A variety of techniques have been described for insertion of a collagen plug to close an enterocutaneous fistula, most being carried out with the patient under sedation. The fistula track is visualised using fluoroscopy and may need dilatation to allow passage of the plug. The track is then debrided to improve incorporation of the plug. A guide wire is inserted from the skin surface through the track into the bowel lumen and a delivery sheath is put in place. Once the delivery sheath is in position, the collagen plug is passed through the track, under fluoroscopic guidance. The delivery sheath is then taken out. The collagen plug is secured in place with absorbable sutures and a Molnar disc (a disc which lies against the skin at the external opening of the fistula, to help keep the device in place). A radiopaque flange (footplate) attached to the internal end of the plug creates a seal to help stop enteric fluids from entering the fistula track, and allows visualisation of the plug during placement. The collagen plug fills the fistula track and acts as a scaffold for tissue growth, allowing the fistula to become filled with tissue and to heal. The patient is usually kept in hospital for a few days of strict bed rest, to prevent displacement of the plug and to encourage its incorporation.
Various plugs are available for this procedure.

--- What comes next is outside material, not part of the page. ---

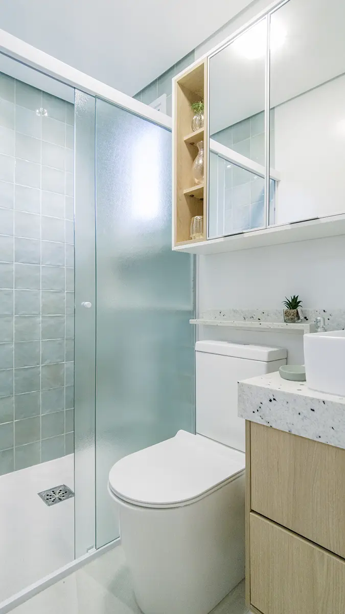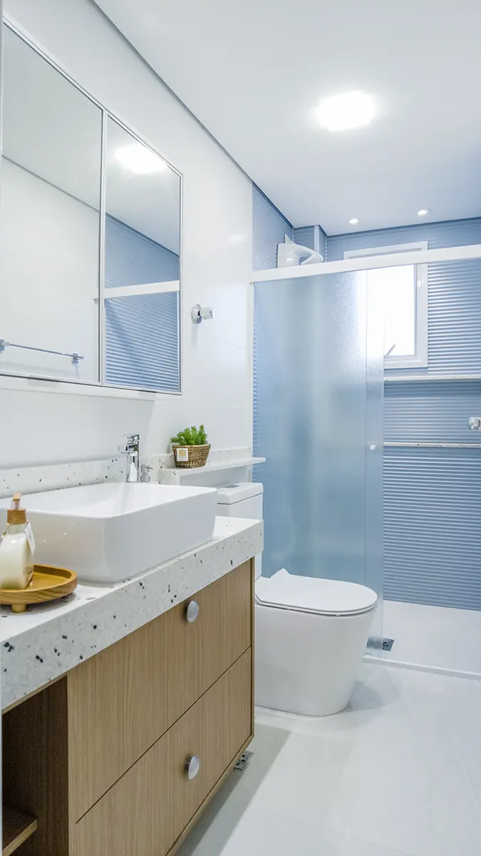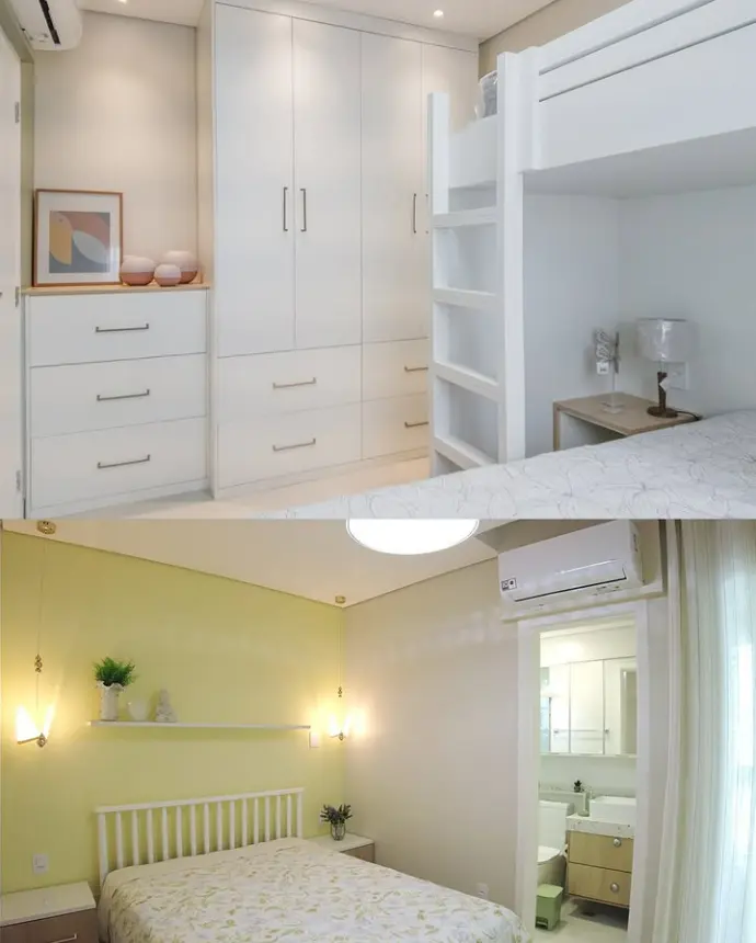 Nos dormitórios, a prioridade foi otimização: quartos de solteiro com beliche e cama de casal, aproveitando cada centímetro. A suíte recebeu um projeto leve e delicado, valorizado por luminárias douradas. O banheiro, em tons claros e madeira média, ganhou personalidade com revestimento azul, mantendo o conjunto delicado e minimalista.

This guidance represents the view of NICE, arrived at after careful consideration of the evidence available. When exercising their judgement, healthcare professionals are expected to take this guidance fully into account, and specifically any special arrangements relating to the introduction of new interventional procedures. The guidance does not override the individual responsibility of healthcare professionals to make decisions appropriate to the circumstances of the individual patient, in consultation with the patient and/or guardian or carer.
All problems (adverse events) related to a medicine or medical device used for treatment or in a procedure should be reported to the Medicines and Healthcare products Regulatory Agency using the Yellow Card Scheme.
Commissioners and/or providers have a responsibility to implement the guidance, in their local context, in light of their duties to have due regard to the need to eliminate unlawful discrimination, advance equality of opportunity, and foster good relations. Nothing in this guidance should be interpreted in a way that would be inconsistent with compliance with those duties. Providers should ensure that governance structures are in place to review, authorise and monitor the introduction of new devices and procedures.
Commissioners and providers have a responsibility to promote an environmentally sustainable health and care system and should assess and reduce the environmental impact of implementing NICE recommendations wherever possible.